The foreign press is warning of the potential for a major catastrophe for the northern hemisphere from the remaining fuel pools at Fukushima - but the American media is strangely silent. Their focus is on Reactor 4, which is open to the elements
May 22, 2012

The foreign press is warning of the potential for a major catastrophe for the northern hemisphere from the remaining fuel pools at Fukushima - but the American media is strangely silent. Their focus is on Reactor 4, which is open to the elements and at high risk of disaster in the event of another major earthquake:

More than a year after a devastating earthquake and tsunami triggered a massive nuclear disaster, experts are warning that Japan isn't out of the woods yet and the worst nuclear storm the world has ever seen could be just one earthquake away from reality.

The troubled Reactor 4 at the Fukushima Daiichi nuclear plant is at the centre of this potential catastrophe.

Reactor 4 -- and to a lesser extent Reactor 3 -- still hold large quantities of cooling waters surrounding spent nuclear fuel, all bound by a fragile concrete pool located 30 metres above the ground, and exposed to the elements.

A magnitude 7 or 7.5 earthquake would likely fracture that pool, and disaster would ensue, says Arnie Gundersen, a nuclear engineer with Fairewinds Energy Education who has visited the site.

The 1,535 spent fuel rods would become exposed to the air and would likely catch fire, with the most-recently added fuel rods igniting first.

The incredible heat generated from that blaze, Gundersen said, could then ignite the older fuel in the cooling pool, causing a massive oxygen-eating radiological fire that could not be extinguished with water.

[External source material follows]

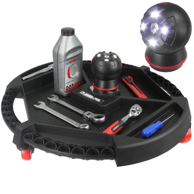 Mar-Pol radionička kolica s ladicom i LED 360° svjetiljkom praktičan su pomoćnik za mehaničare i majstore. Konstrukcija omogućuje provlačenje kolica ispod vozila kako bi alati i oprema uvijek bili pri ruci, dok ugrađena LED svjetiljka na magnetu osvjetljava teško dostupna i tamna mjesta. Udobna površina za ležanje i dodatni prostor za odlaganje čine rad ispod automobila znatno ugodnijim i učinkovitijim.

"So the fear is the newest fuel could begin to burn and then we'd have a conflagration of the whole pool because it would become hotter and hotter. The health consequences of that are beyond where science has ever gone before," Gundersen told CTVNews.ca in an interview from his home in Vermont.

There are a couple of possible outcomes, Gundersen said.

Highly radioactive cesium and strontium isotopes would likely go airborne and "volatilize" -- turning into a vapour that could move with the wind, potentially travelling thousands of kilometres from the source.

The size of those particles would determine whether they remained in Japan, or made their way to the rest of Asia and other continents.

"And here's where there's no science because no one's ever dared to attempt the experiment," Gundersen said. "If it flies far enough it goes around the world, if the particles stay a little bigger, they settle in Japan. Either is awful."

Essentially, he said, Japan is sitting on a ticking time bomb.

And this isn't very reassuring, considering how many similarly flawed plants of the same kind are here in the U.S.:

Gregory Jaczko, chairman of the Nuclear Regulatory Commission, announced Monday he would resign from the five-member commission that oversees US nuclear power plant safety after a tenure in which he wrangled with other members of the commission over the direction of safety regulations.

Mr. Jaczko's chairmanship, which began with tumult three years ago over the NRC's controversial decision to cancel the proposed Yucca Mountain nuclear waste repository – now concludes on the heels of a tumultuous year attempting to implement "lessons learned" from the Fukushima nuclear meltdowns. He announced his resignation amid an ongoing battle over his proposals to tighten safety regulations at US nuclear power plants in the wake of the Japanese disaster.